Greedily, he kept his memories. Every touch. Every sigh. Every moment. Sergey had burned him, seared his soul, and he’d never recover from that. Sergey would, though. He always looked forward, never back. He’d move on, pour himself into Russia, into righting their country. Sasha would hide, slip away into the unreachable corners of their nation. There were more than enough places to disappear to, to become a ghost in. He’d have his memories, until the vodka and the depression ate through his body and his bones would end up scattered in the wilderness. Just like his old comrades had wanted a year ago. Maybe he should have just died then. This, leaving Sergey, was worse than waking up in the snow, bloody and beaten. At least then he wasn’t broken.

 

“Time to go, Sasha. Ilya has a chopper for us.”

 

He stared at Sergey, memorizing him. Committing his face, his body, the smile in his eyes, the curve of his lips, to his eternal memory, the hard drive of his heart. Sergey, Sergey, Sergey.

 

Everything I do, I do for you.

 

“Let me help Anton and Aleksey a little more. I will fly back with them later.”

 

“Hurry. I want you with me in the Kremlin. I have been dreaming of it.” Sergey squeezed his hand.

 

“You must focus on what you need to do. You are the president, Sergey. Your duty is to the Russian people. They need you now, more than ever.”

 

“Together. We will do it all together. You and me. The way it should be.”

 

He wouldn’t last a year without Sergey. Depression would kill him, murder him, the aching loss of Sergey a black hole that would suck his life away. “Ya lyublyu tyeba.” I love you. I’ve loved you from the moment you held me that first night. I will always love you. I will die loving you. But this is the way it must be. He squeezed Sergey’s hand back. Our people need you, and I am just one broken man. “Go, before Ilya has an aneurism.”

 

He got to see Sergey’s smile one last time. “Zvezda moya, I will see you soon.”

 

My star. He loved that nickname, had burned up inside when Sergey had first used it. No one ever thought he was a star, certainly not their star. For a few days, though, he’d been loved, and he’d burned bright with love himself.

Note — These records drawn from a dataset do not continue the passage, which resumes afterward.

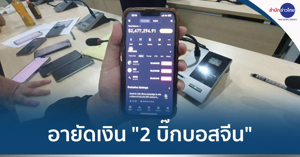 กรุงเทพฯ 8 ก.พ. – นายกฯ ประสานความร่วมมือตำรวจจีน ร่วมชุด PCT ตำรวจไทย ขยายผล 2 บิ๊กบอสจีน ตรวจพบและยึดอายัดเงินกระเป๋าวอลเล็ตลับ 2,500,000 USDT หรือประมาณ 84 ล้านบาท และเป็นตัวการสำคัญในการจัดหาคนไปยังประเทศเพื่อนบ้านทาง อ.แม่สอด จ.ตาก
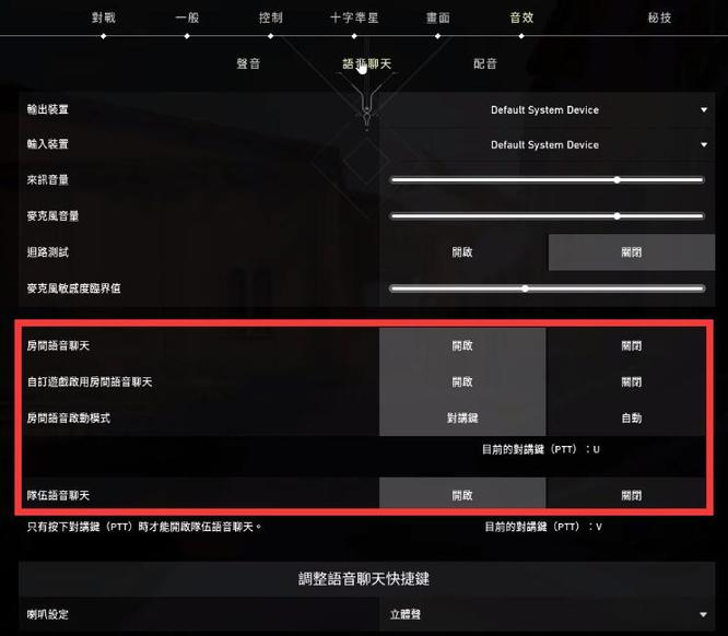 无畏契约的语音按键设置相对简单。首先,按下esc键打开游戏设置界面。在这个界面中,你可以找到房间和队伍语音两个选项。对于房间语音,你可以选择启动模式,比如五人队伍的聊天模式。此外,队伍语音目前只有按键说话一种方式,你可以切换公麦和按键方式。
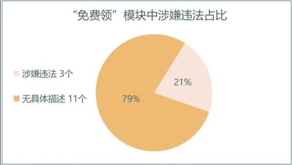 14个电商平台App“免费领”模块中,有3个对中奖产品的售后服务规定涉嫌违法,占比21%。
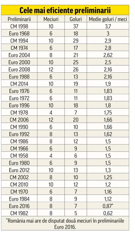 În cea mai uşoară grupă din istorie, naţionala lui „Tata Puiu” a dat şapte goluri în opt meciuri. De-a lungul timpului, România a mai avut o singură dată o medie de sub un gol pe meci în preliminarii. Se întâmpla în urmă cu 34 de ani, cu Anghel Iordănescu jucător.
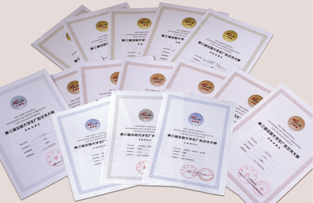 图1-1第三届全国大学生广告艺术大赛学生获奖证书展示
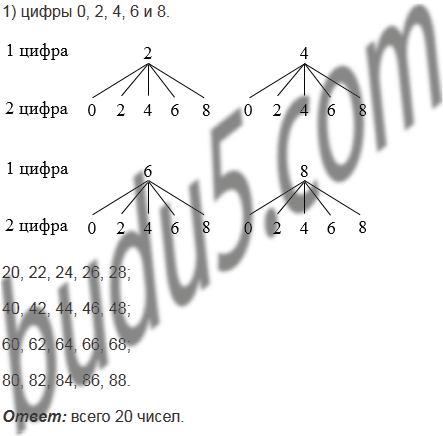 Сколько существует двузначных чисел, для записи которых используются только: 1) цифры 0, 2, 4, 6 и 8; 2) цифры 1, 3, 5, 7 и 9? (Цифры могут повторяться.)
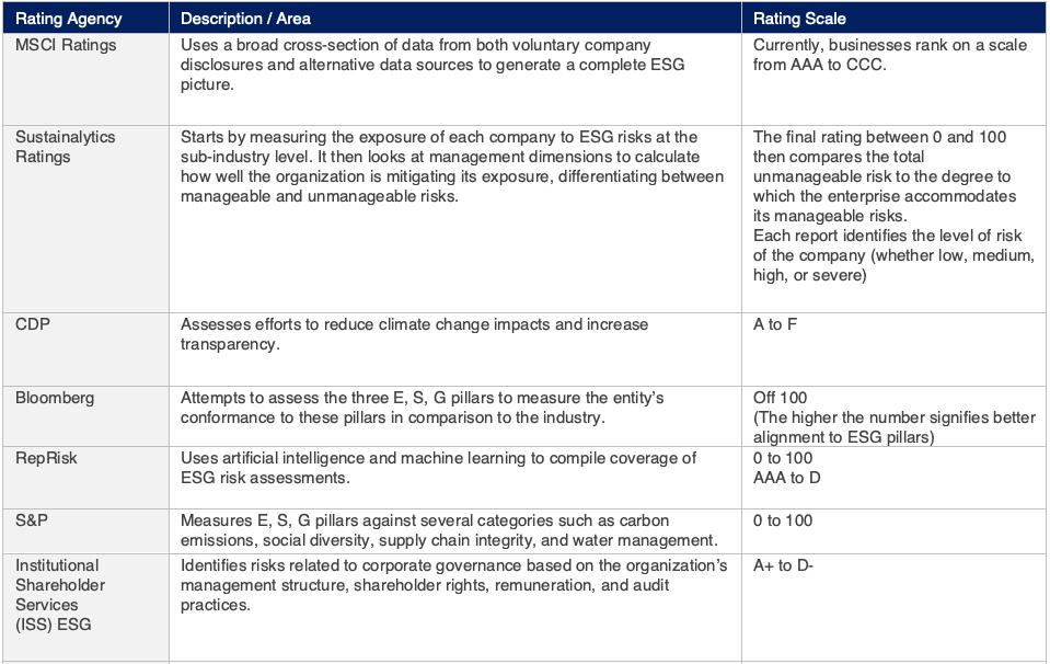 Table 1 below summarizes some of the different agencies that report ESG scores, detailing the rating scale adopted and the area of measurement.
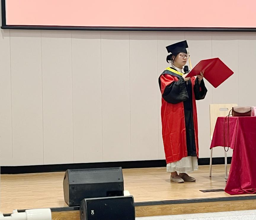 2023届毕业生代表黎李宝,代表全体2023届毕业生发表毕业感言。她回顾了四年的求学生涯,并向母校和全体教职工的辛勤培育付出致以最崇高的敬意,并郑重承诺:以青春之名,赴时代之约;勇担时代重任,绽放青春底色。
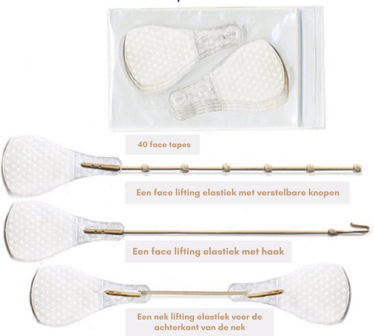 Door middel van zelfhechtende tapes en een elastisch verstelbaar systeem kan er spanning op de huid geplaatst worden, waardoor de gewenste lift verkregen wordt.
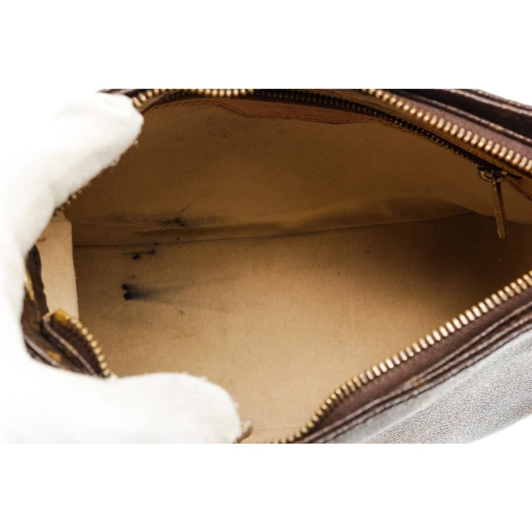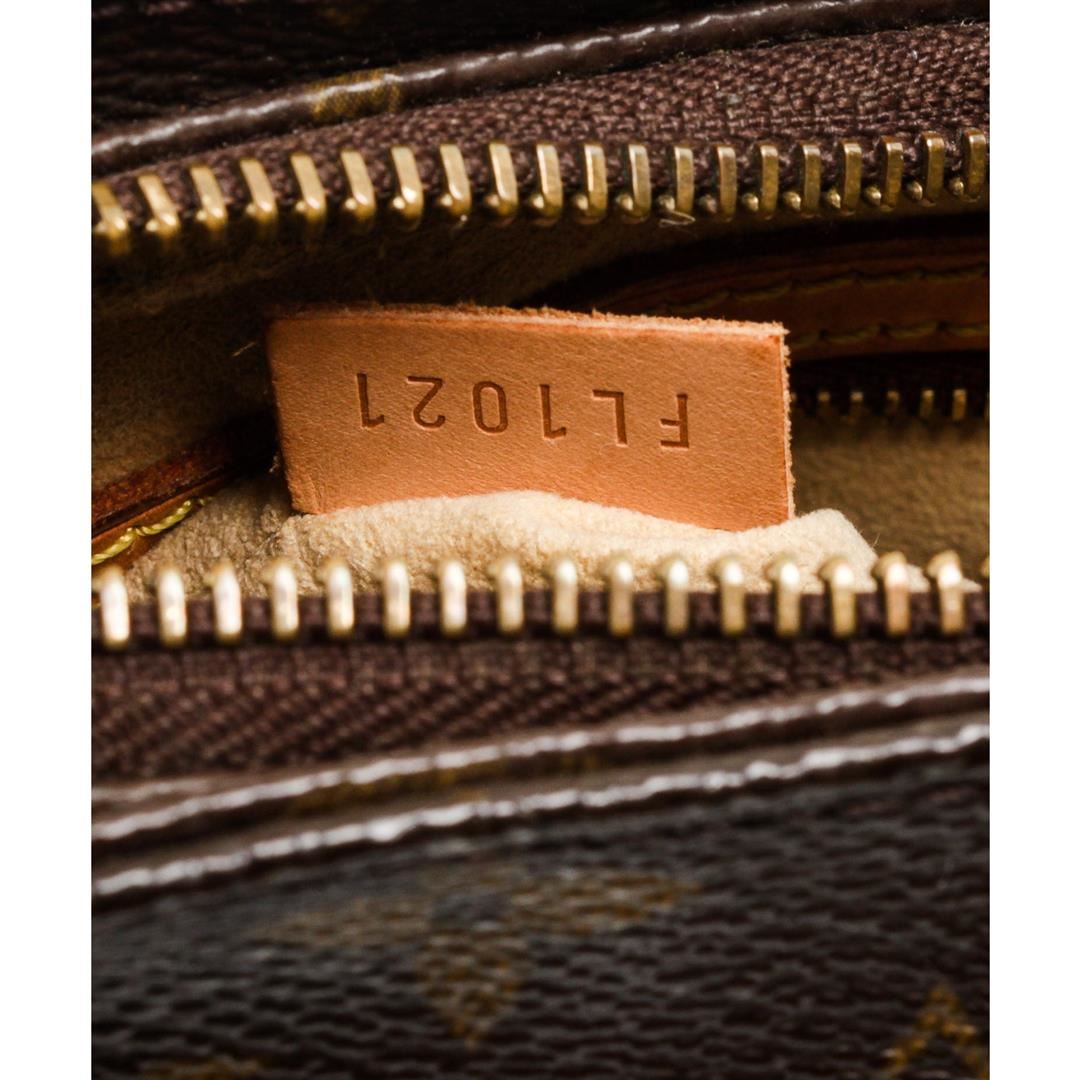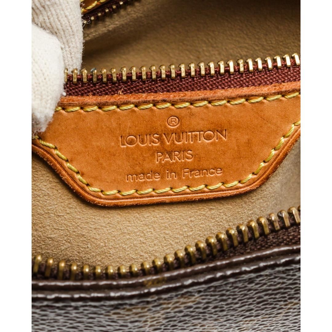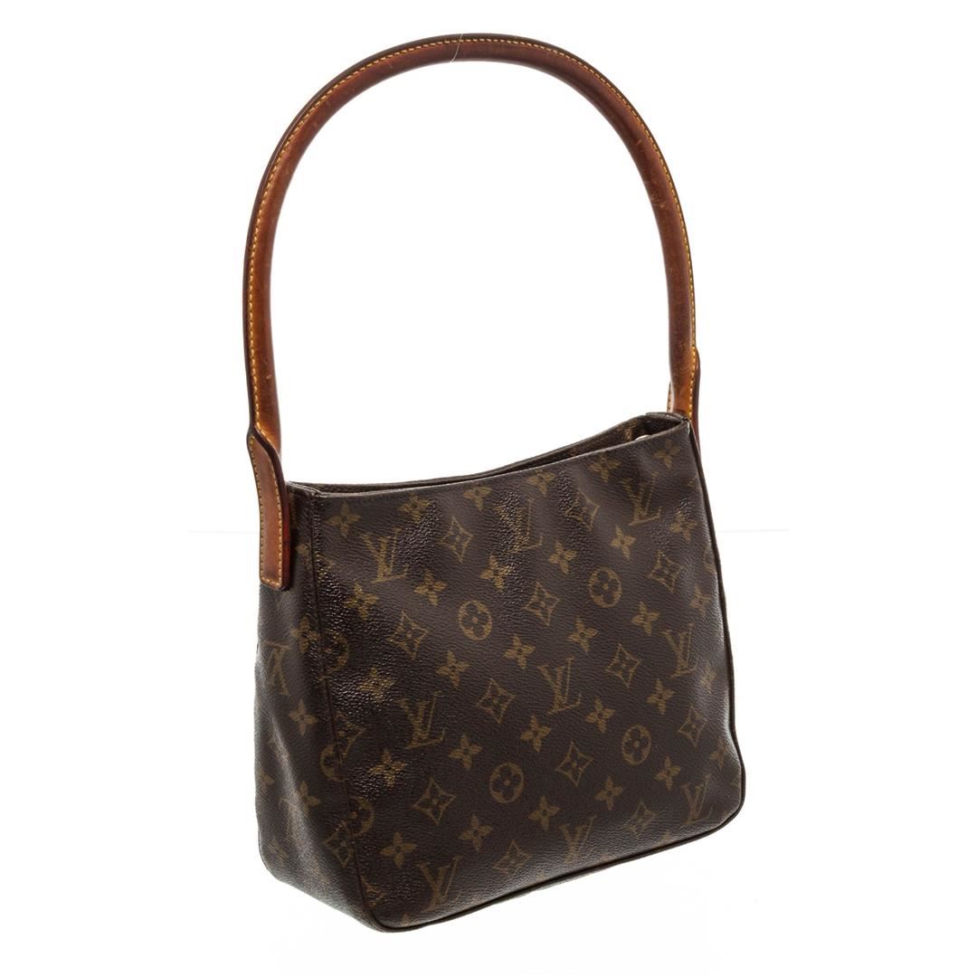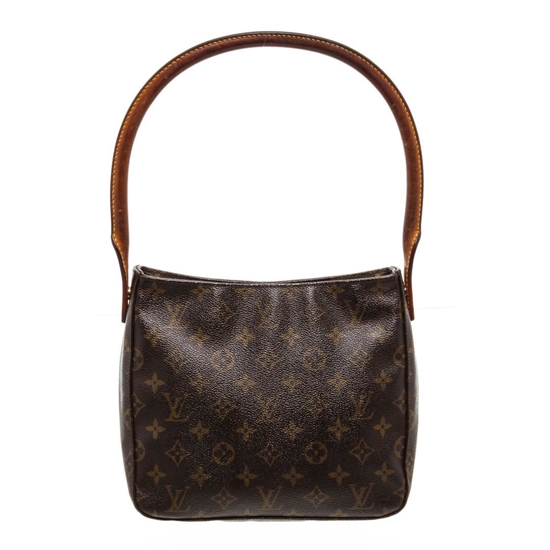 Brown and tan monogram coated canvas Louis Vuitton Looping MM with brass hardware, tan vachetta leather trim, single rolled shoulder strap, creme Alcantara lining, dual pockets at interior wall; one with zip closure and zip closure at top.
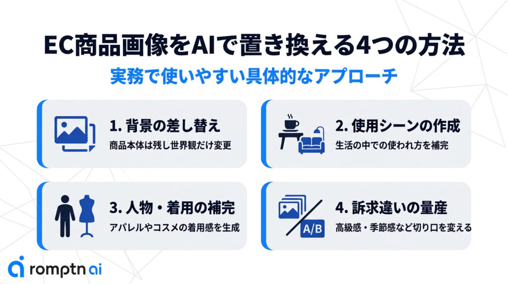 ECサイトの商品画像をAIで置き換える方法はいくつかありますが、重要なのは「どのツールを使うか」よりも、何をどう置き換えるかを先に決めることです。ここでは、実務で使いやすい4つの方法に分けて解説します。
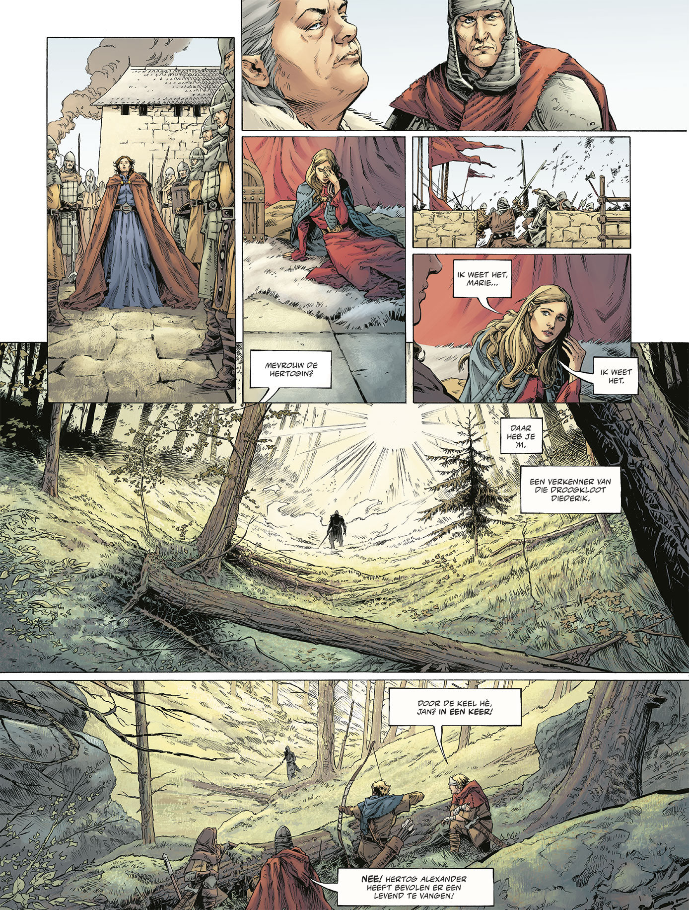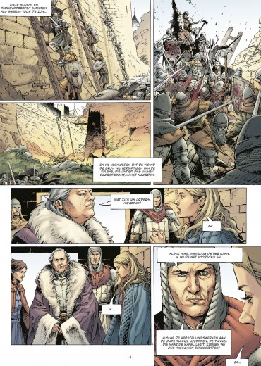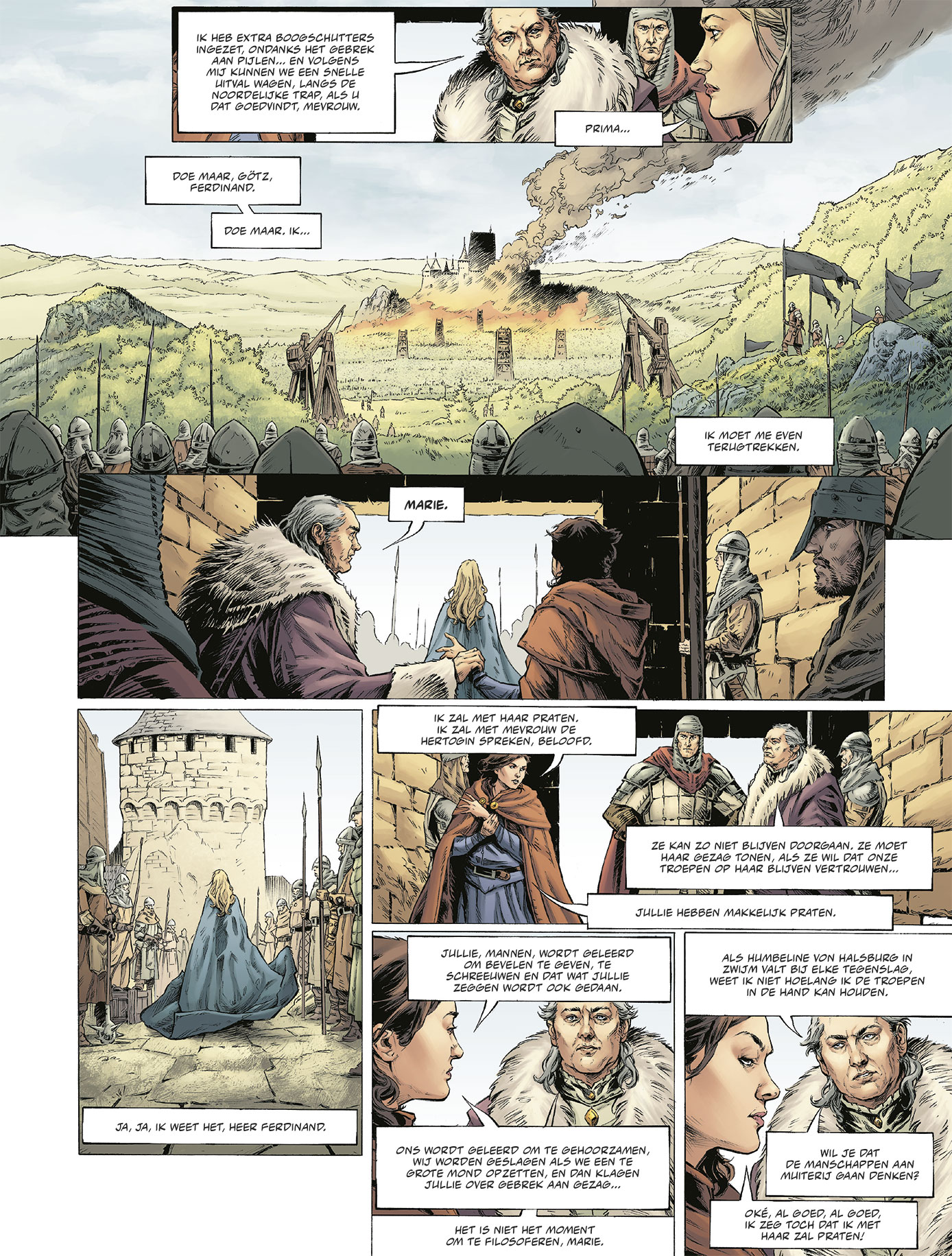 Tristan von Halsburg zit in het hoge noorden, waar hij met de rechtmatige troonsopvolger, Abel Plovpenning, de troon van Denemarken probeert te veroveren. Maar ook Margrete Plovpenning aast op die troon, en op Tristans hart. In Halsburg staat Diederik de Ontaarde voor de poorten van het kasteel van Humbeline. De hertogin wankelt, weifelt, is ze wel sterk genoeg om het hertogdom te redden? In In vrouwenhanden staan de vrouwen centraal, zowel in Denemarken als in Halsburg houden zij de touwtjes strak in handen
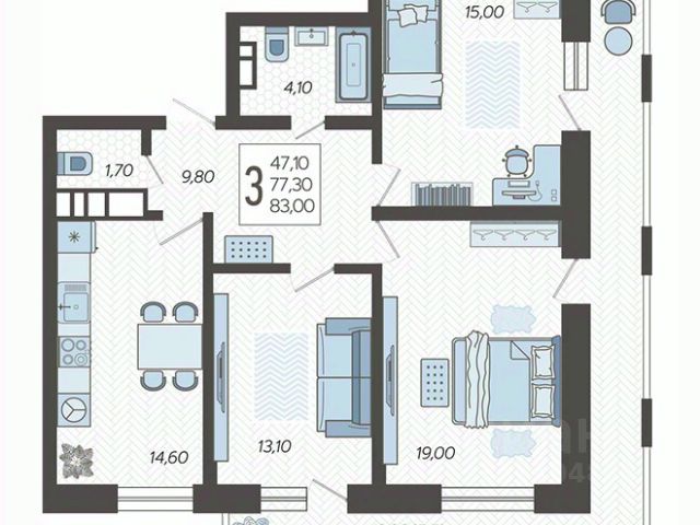 Семейная планировка: 3 изолированные комнаты + кухня-гостиная 14 м²
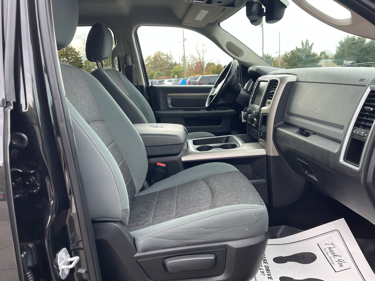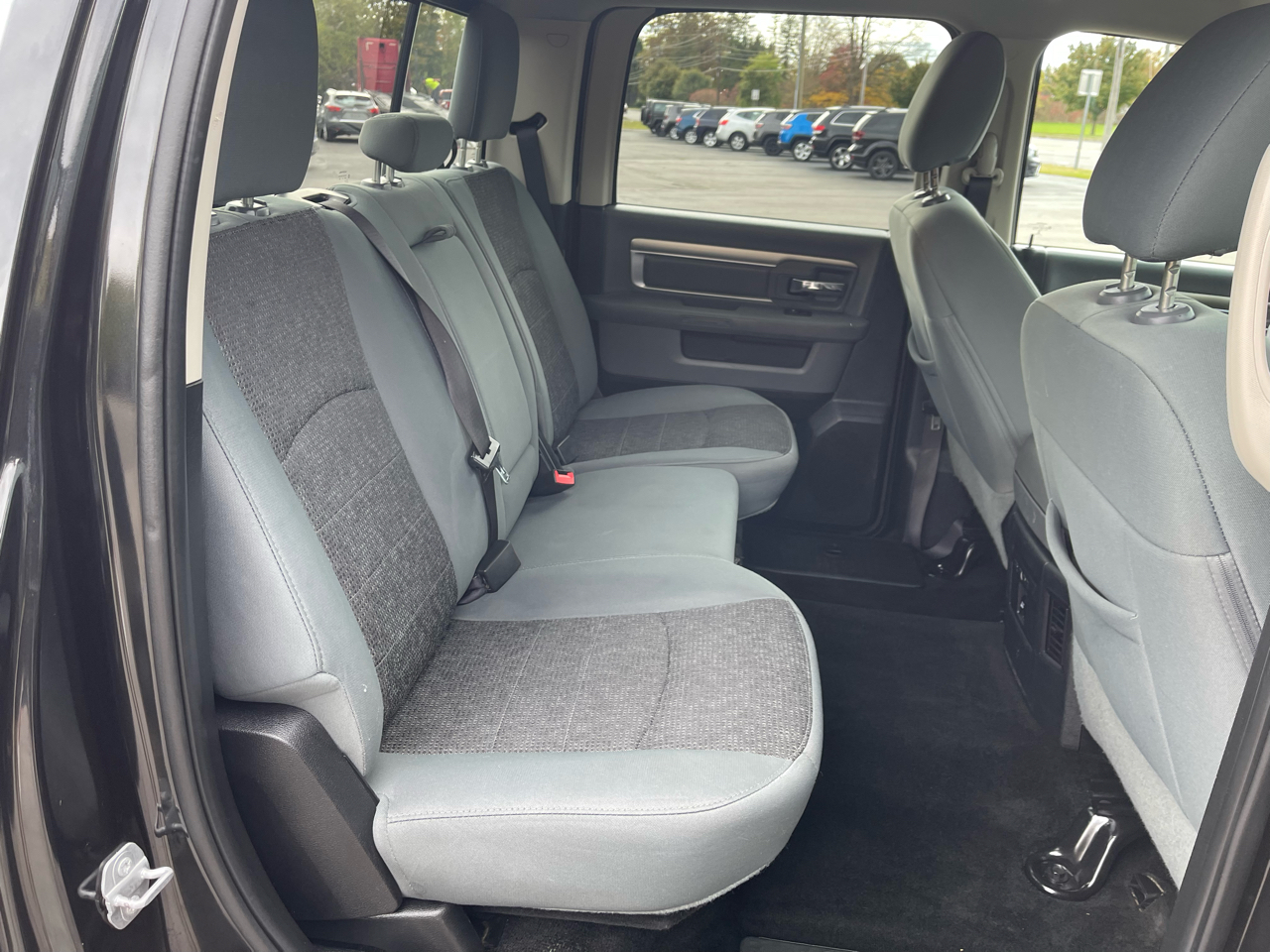 As you hit the road, you'll appreciate the Auto On/Off Reflector Halogen Headlamps and Fog Lamps for enhanced visibility. The Power Rear Window adds a touch of convenience, while the Deep Tinted Glass provides privacy and sun protection. With a sleek exterior featuring Clearcoat Paint and Chrome Details, this RAM 1500 is sure to turn heads wherever you go.

But like all stars, he was burning out, and every step Sergey took away from him made his soul collapse into itself. A black hole was forming in the center of his chest, in the center of his heart. Maybe not even a year. Maybe just six months.

 

He watched Sergey fly off, and the world bled away its color. Turquoise and aquamarine, crystal white and baby’s breath blue, the colors of the Arctic, smeared to gray. He ended up on a prison transport, flying to Lubyanka prison. Transferring all the prisoners was chaotic, and he slipped away from the FSB.

 

He felt a clock on his back, ticking down the days he had left. North. He’d head north. Back to the ice. He’d freeze the burn of Sergey’s love out of his soul.

 

* * *

 

Weeks later, he walked into his cabin in the Russian north, buried in the snow, off the edges of every map, and color roared back into his world.


Timestamp: Sasha’s POV during the later parts of Enemy Within and the battles in the Arctic.